*Prompt:* Look for the line containing "Я бы сказала" and the line containing "今年文藝季才藝大賽,雖然已經" in the entries below. Copy those two and all lines between them exactly, leaving out pictures.

*Information:*
= Beginning of Section =
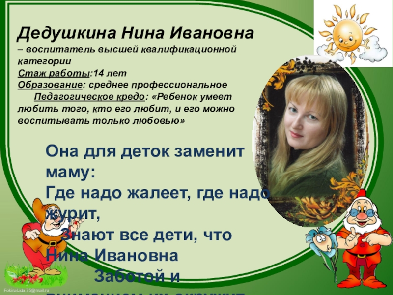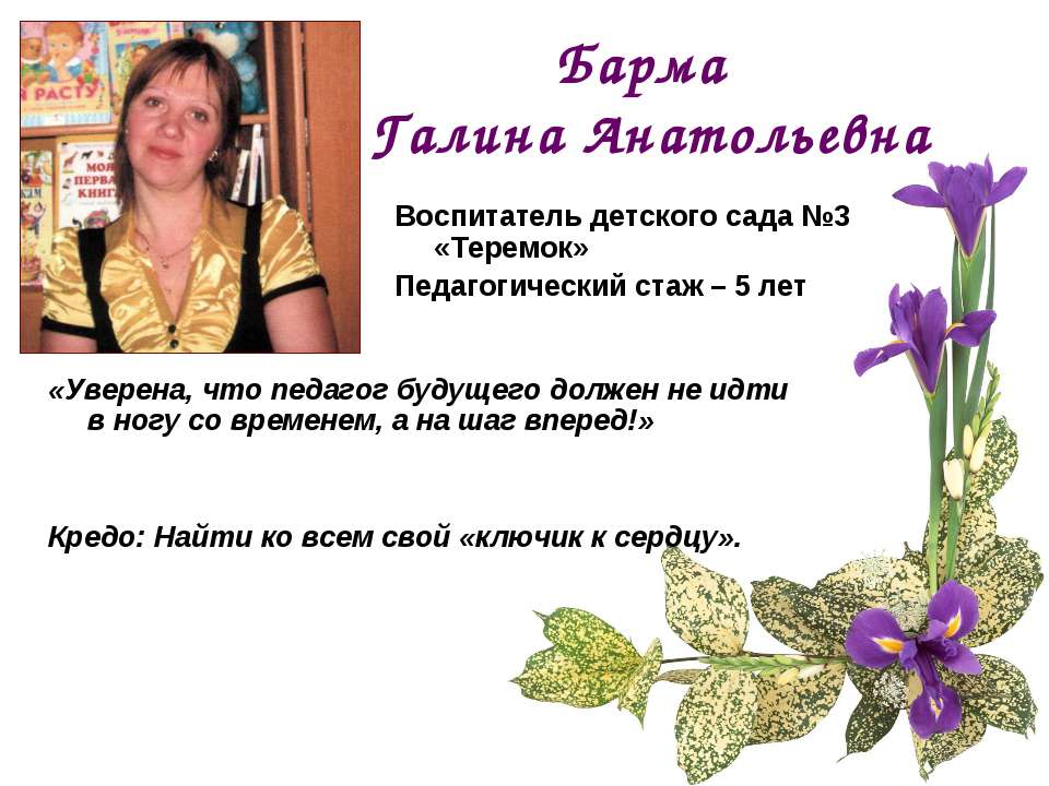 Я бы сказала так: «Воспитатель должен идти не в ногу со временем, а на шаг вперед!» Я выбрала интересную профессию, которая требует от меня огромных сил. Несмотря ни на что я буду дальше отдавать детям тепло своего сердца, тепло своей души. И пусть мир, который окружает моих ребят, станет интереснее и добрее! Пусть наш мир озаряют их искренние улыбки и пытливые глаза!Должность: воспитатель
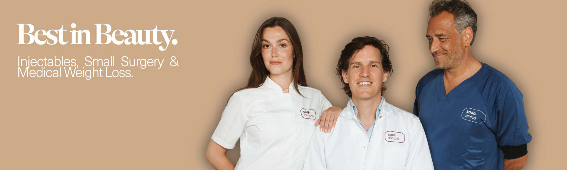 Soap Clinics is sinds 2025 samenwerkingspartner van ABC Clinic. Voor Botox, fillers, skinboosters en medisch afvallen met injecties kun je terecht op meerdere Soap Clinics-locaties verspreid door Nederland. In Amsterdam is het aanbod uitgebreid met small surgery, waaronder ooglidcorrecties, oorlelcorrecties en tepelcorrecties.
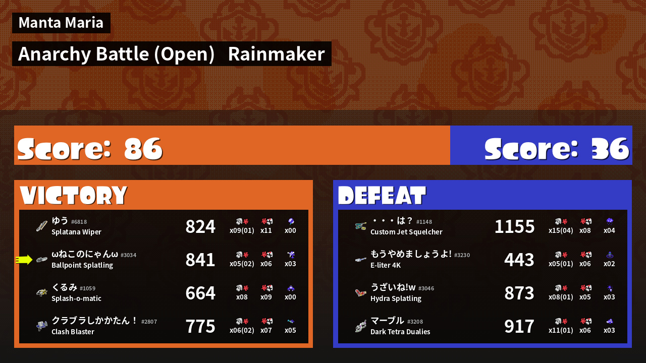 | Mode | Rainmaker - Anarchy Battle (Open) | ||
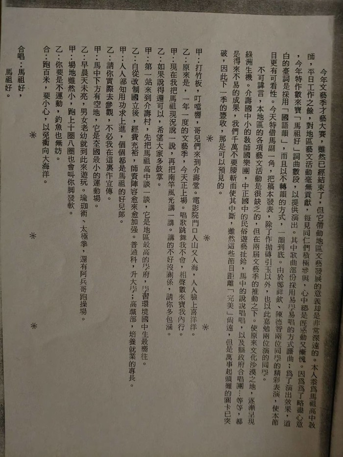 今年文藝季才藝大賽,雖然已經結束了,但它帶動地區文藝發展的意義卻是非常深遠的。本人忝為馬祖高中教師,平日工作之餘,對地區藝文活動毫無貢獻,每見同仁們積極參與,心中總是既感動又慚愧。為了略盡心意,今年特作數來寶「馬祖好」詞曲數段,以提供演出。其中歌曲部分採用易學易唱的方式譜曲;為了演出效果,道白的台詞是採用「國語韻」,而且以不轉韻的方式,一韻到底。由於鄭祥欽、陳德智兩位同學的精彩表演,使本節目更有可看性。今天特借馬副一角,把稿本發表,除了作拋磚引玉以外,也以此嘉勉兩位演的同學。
= End of Section =
= Beginning of Section =
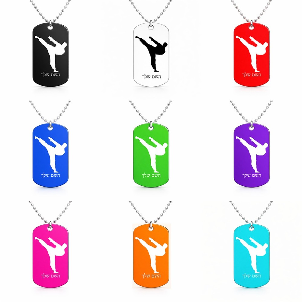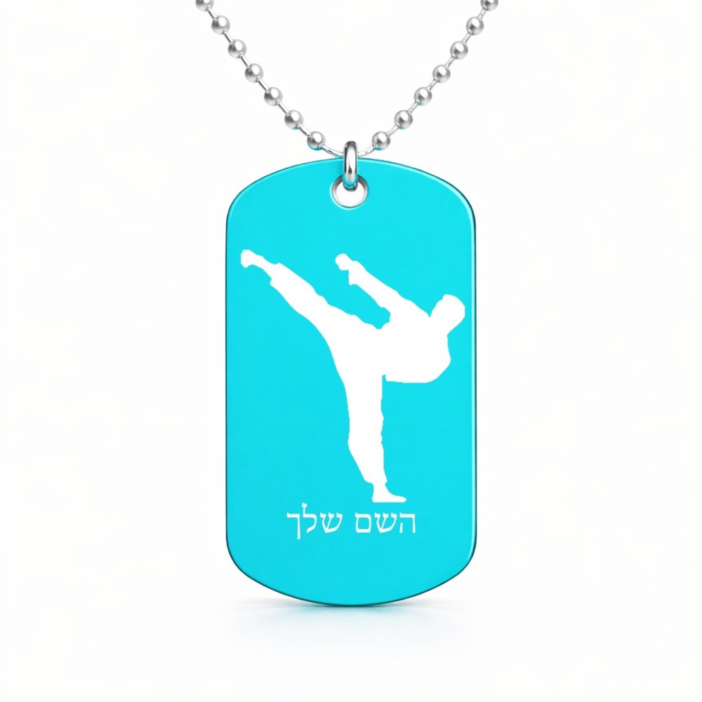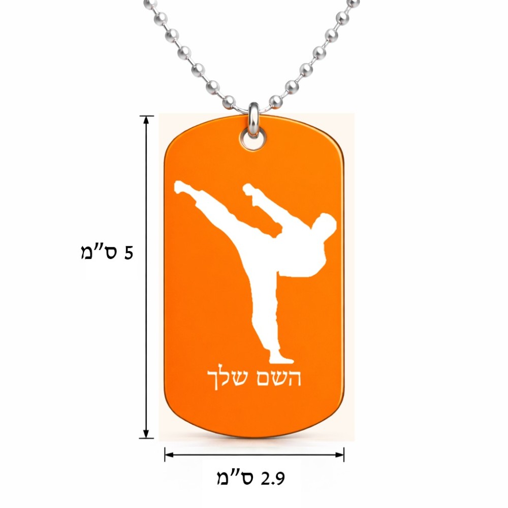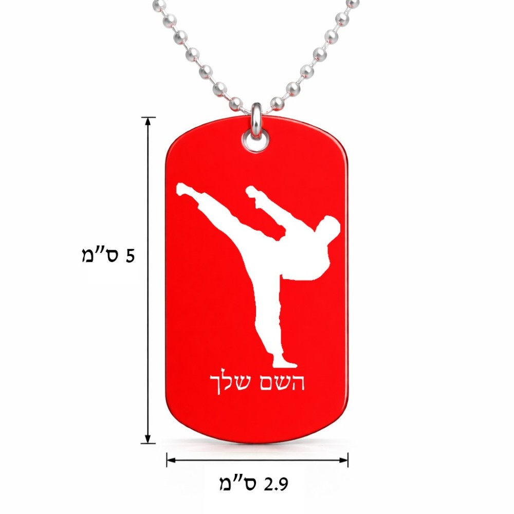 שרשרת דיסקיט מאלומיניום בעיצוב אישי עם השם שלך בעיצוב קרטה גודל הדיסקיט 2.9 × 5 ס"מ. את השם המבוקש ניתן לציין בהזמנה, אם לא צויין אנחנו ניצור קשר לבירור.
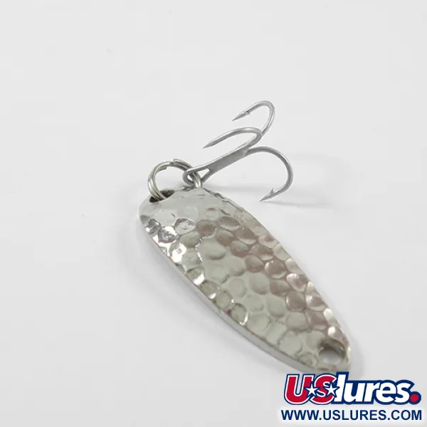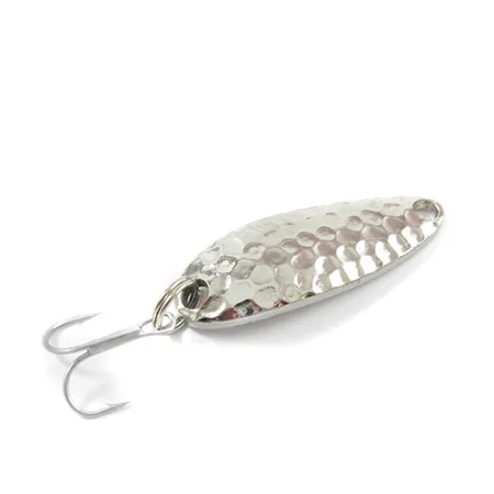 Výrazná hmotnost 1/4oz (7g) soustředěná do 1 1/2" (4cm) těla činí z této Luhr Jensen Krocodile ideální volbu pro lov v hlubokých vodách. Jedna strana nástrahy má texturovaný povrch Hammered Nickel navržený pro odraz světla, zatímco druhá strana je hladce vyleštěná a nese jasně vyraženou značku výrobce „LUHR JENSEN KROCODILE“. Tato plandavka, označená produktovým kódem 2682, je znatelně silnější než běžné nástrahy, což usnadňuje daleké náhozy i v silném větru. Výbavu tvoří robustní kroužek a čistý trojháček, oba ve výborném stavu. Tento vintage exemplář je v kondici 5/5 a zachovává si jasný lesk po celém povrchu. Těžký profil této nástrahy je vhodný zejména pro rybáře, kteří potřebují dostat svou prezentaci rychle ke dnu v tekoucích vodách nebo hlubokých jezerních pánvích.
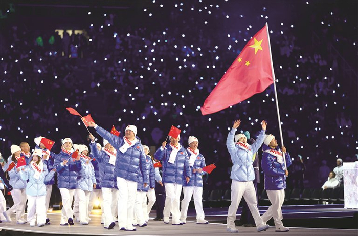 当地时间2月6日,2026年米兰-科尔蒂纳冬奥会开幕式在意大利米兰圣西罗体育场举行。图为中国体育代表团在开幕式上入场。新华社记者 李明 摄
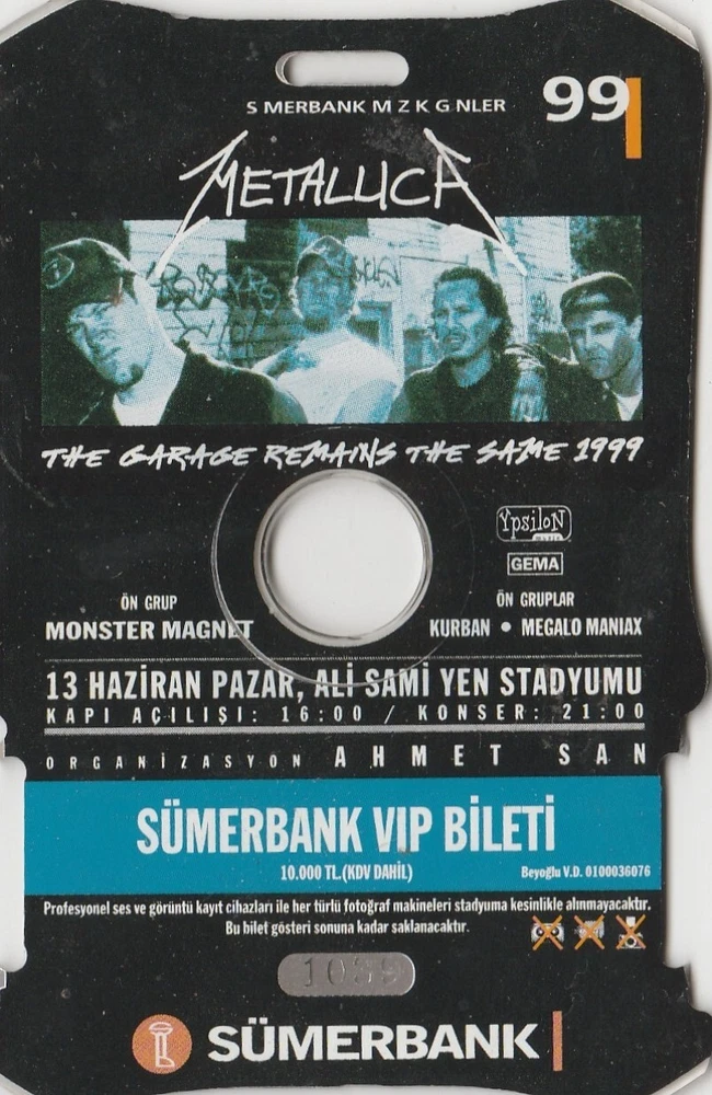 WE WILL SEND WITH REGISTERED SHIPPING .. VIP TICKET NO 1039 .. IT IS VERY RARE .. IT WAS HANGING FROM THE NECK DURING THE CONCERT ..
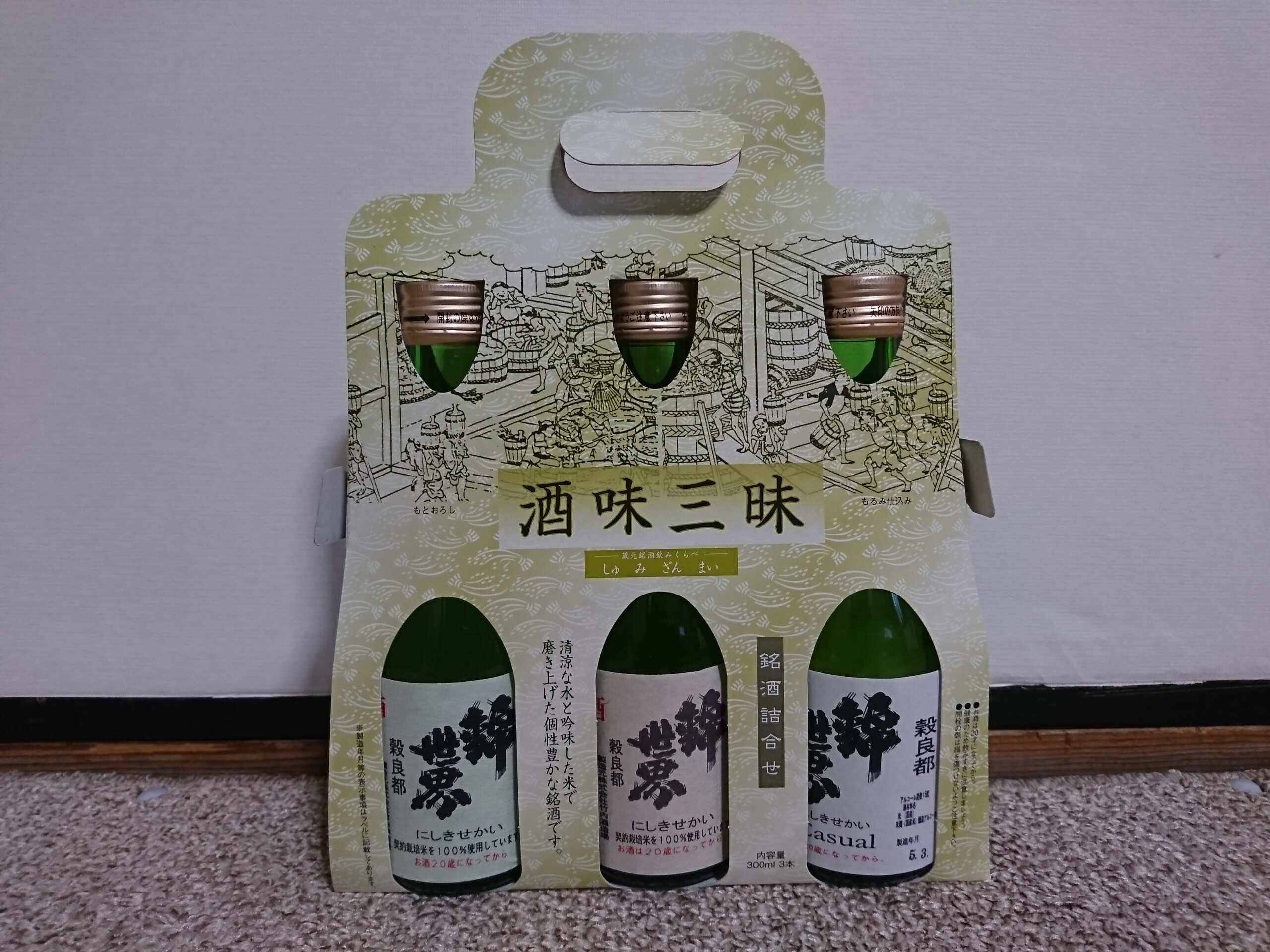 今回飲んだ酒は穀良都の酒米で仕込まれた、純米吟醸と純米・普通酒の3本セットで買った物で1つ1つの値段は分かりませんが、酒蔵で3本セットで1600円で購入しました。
= End of Section =
*Task response:*
 Я бы сказала так: «Воспитатель должен идти не в ногу со временем, а на шаг вперед!» Я выбрала интересную профессию, которая требует от меня огромных сил. Несмотря ни на что я буду дальше отдавать детям тепло своего сердца, тепло своей души. И пусть мир, который окружает моих ребят, станет интереснее и добрее! Пусть наш мир озаряют их искренние улыбки и пытливые глаза!Должность: воспитатель
 Soap Clinics is sinds 2025 samenwerkingspartner van ABC Clinic. Voor Botox, fillers, skinboosters en medisch afvallen met injecties kun je terecht op meerdere Soap Clinics-locaties verspreid door Nederland. In Amsterdam is het aanbod uitgebreid met small surgery, waaronder ooglidcorrecties, oorlelcorrecties en tepelcorrecties.
 | Mode | Rainmaker - Anarchy Battle (Open) | ||
 今年文藝季才藝大賽,雖然已經結束了,但它帶動地區文藝發展的意義卻是非常深遠的。本人忝為馬祖高中教師,平日工作之餘,對地區藝文活動毫無貢獻,每見同仁們積極參與,心中總是既感動又慚愧。為了略盡心意,今年特作數來寶「馬祖好」詞曲數段,以提供演出。其中歌曲部分採用易學易唱的方式譜曲;為了演出效果,道白的台詞是採用「國語韻」,而且以不轉韻的方式,一韻到底。由於鄭祥欽、陳德智兩位同學的精彩表演,使本節目更有可看性。今天特借馬副一角,把稿本發表,除了作拋磚引玉以外,也以此嘉勉兩位演的同學。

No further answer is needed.